As they reflect on the fact that they are almost certainly facing death, you could be forgiven for assuming that this is rather a grim play. The truth is far from it, however, with a script that lands lightly upon serious topics before flitting to the more mundane or comic. Conversations about flesh-lights and dildos entwine with discussions about modern art, 9/11 and Roald Dahl-type escape plans.

These semi-absurd topics reinforce Toby’s observation that, “no-one can really do death” and allow Arnold to demonstrate his excellent comedic timing and emotional range. The character of Cubby, whilst extremely cocky, is also likeable and cheeky and Arnold strikes exactly the right balance between swaggering bravado and ‘little boy lost.’

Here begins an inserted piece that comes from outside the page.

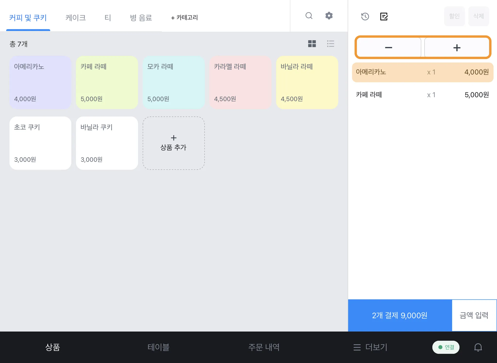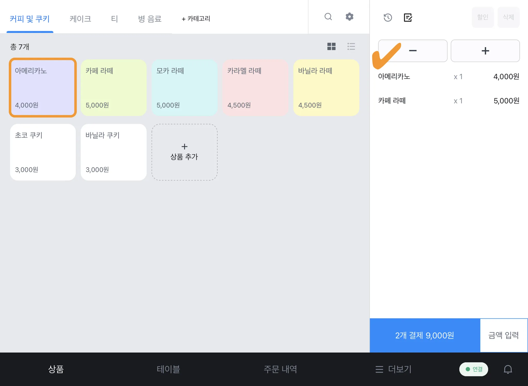 1) 원하는 상품을 누르고 위에 있는 [-/+] 버튼을 사용해 수량을 변경합니다.

This contrasts with the more restrained Toby; Cummins brings an underlying frustration to the part, clenching his fists and raising his shoulders but never entirely losing his temper.

It would be easy to let scenes with so little movement drag, but Stuart Price’s direction ensures that the pace is appropriately steady and the temptation to motor through the flashbacks is avoided. Equally the sense of the cold and tiredness is neatly underplayed, evident but not over-egged.

This is a thoughtful piece of writing and the brotherly bond is vividly created offering poignant and amusing moments. There is slight repetition in places, particularly from the character of Toby, and the first flashback to their schooldays (this is not immediately obvious) sits slightly awkwardly amongst the other snappier vignettes from their past.

There are a few moments in the longer speeches where the dialogue still feels scripted but overall the language and characters merge to form a compelling hour of theatre with an ending that, whilst not entirely surprising, satisfies.